- EXCERPTED DATA
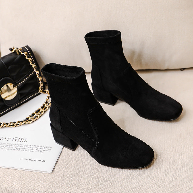 أحذية الأطفال 2023 موديلات خريف في الأنبوب ، قدم واحدة ، مقود القدم ، أحذية قصيرة ، سميكة مع أحذية مرنة ، رقيقة ، رقيقة
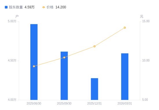 4月14日消息,数据显示,截至2026年3月31日,A股股东总户数为4.59万户,较上期(2025年12月31日)增加3160户,增幅7.39%。公司最新A股总股本为12.08亿股,其中流通A股8.81亿股,户均持有流通A股数量为1.92万股,较上期减少1417.7股,降幅6.88%;户均持流通A股市值27.25万元,较上期增加2.89万元,增幅11.87%。
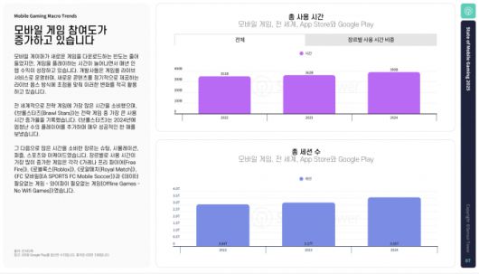 게임 다운로드 빈도는 줄었지만, 플레이 시간은 증가하고 있다. 이에 따라 개발사들은 정기적인 콘텐츠 업데이트와 이벤트 중심의 ‘라이브 서비스 운영(Live Ops)’에 집중하며 유저 참여를 확대하고 있다. 실제로 가장 많은 플레이 시간을 기록한 장르는 전략 게임이었으며, 뒤를 이어 슈팅, 시뮬레이션, 퍼즐, 스포츠·아케이드 장르 순이었다.
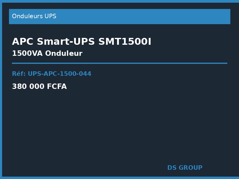 APC Smart-UPS SMT1500I onduleur professionnel pour protection serveurs et equipements reseau. 1500VA 1000W mode online double conversion batterie hot-swap 8 prises IEC logiciel PowerChute inclus. Garantie 3 ans
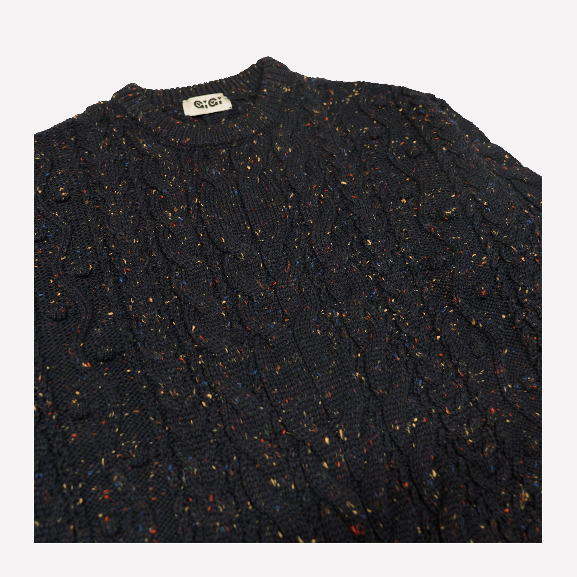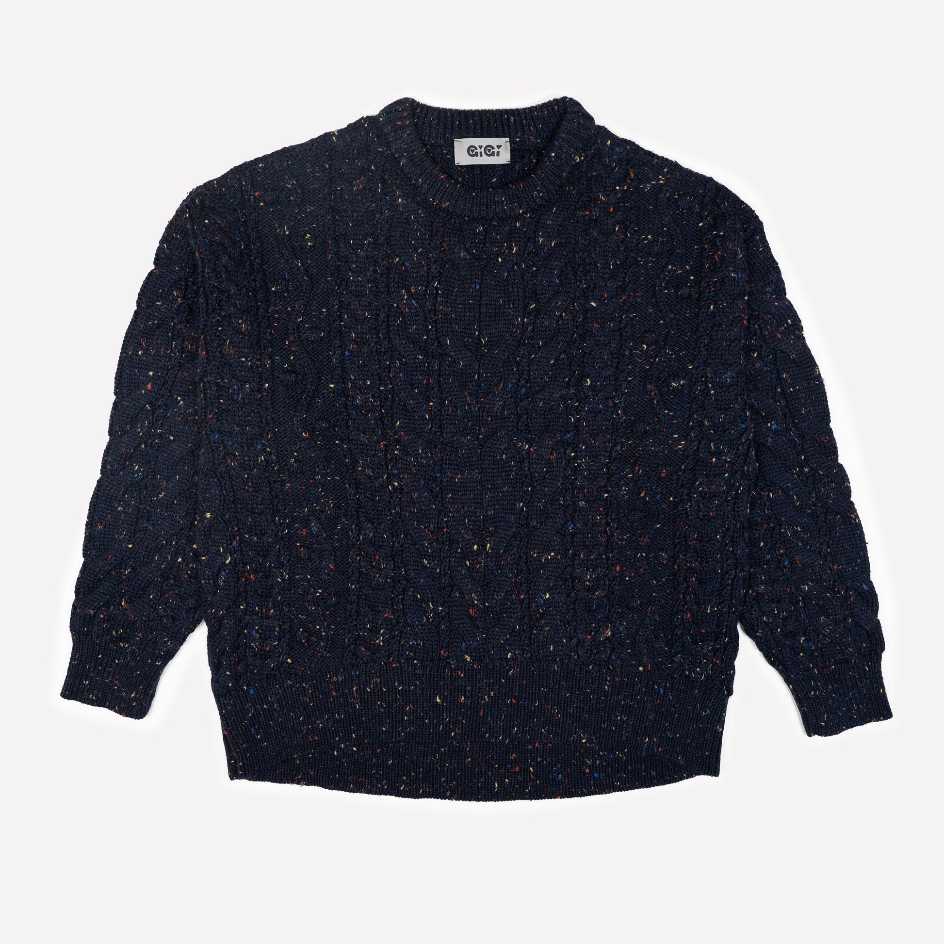 We are always thinking about how we can take the classic fisherman sweater and make it GiGi. Cozy and ever so comforting, our newest Oversized Cable Sweater does just that, featuring a soft merino yarn that is breathable, lending itself to slouchy easy shapes like this one. Outsized cables of a variety of shapes, sizes and textures are knit together to create curious surface detailing and dimension. Perfect for fall and winter layering - wear this generous fitting sweater casually or with wide-leg trousers to bundle up on chilly days. Adding a touch of sweetness, the natural hue is peppered with multicolored speckles throughout.
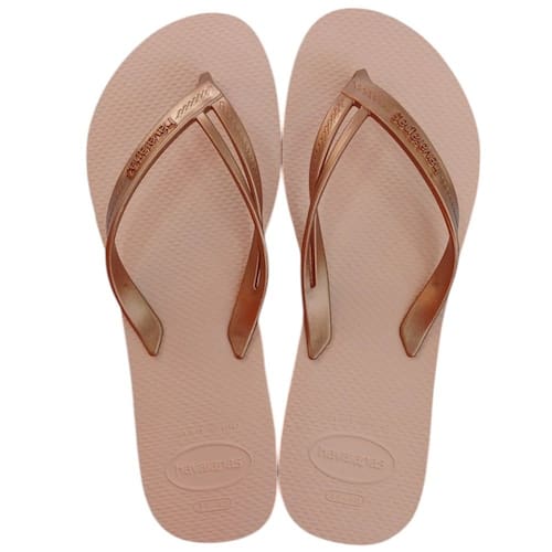 A Havaianas Elegance é simples e luxuosa ao mesmo tempo: os chinelos têm todo o conforto Havaianas que você já conhece e tiras lisas metalizadas com um filete vazado em um dos lados. Disponível numa cartela de cores sofisticada.

- WORK REQUEST
Would you please copy, exactly and only, the lines from the one with "APC Smart-UPS SMT1500I" through the end of the entries above, skipping every picture?

- FINAL ANSWER
 APC Smart-UPS SMT1500I onduleur professionnel pour protection serveurs et equipements reseau. 1500VA 1000W mode online double conversion batterie hot-swap 8 prises IEC logiciel PowerChute inclus. Garantie 3 ans
 We are always thinking about how we can take the classic fisherman sweater and make it GiGi. Cozy and ever so comforting, our newest Oversized Cable Sweater does just that, featuring a soft merino yarn that is breathable, lending itself to slouchy easy shapes like this one. Outsized cables of a variety of shapes, sizes and textures are knit together to create curious surface detailing and dimension. Perfect for fall and winter layering - wear this generous fitting sweater casually or with wide-leg trousers to bundle up on chilly days. Adding a touch of sweetness, the natural hue is peppered with multicolored speckles throughout.
 A Havaianas Elegance é simples e luxuosa ao mesmo tempo: os chinelos têm todo o conforto Havaianas que você já conhece e tiras lisas metalizadas com um filete vazado em um dos lados. Disponível numa cartela de cores sofisticada.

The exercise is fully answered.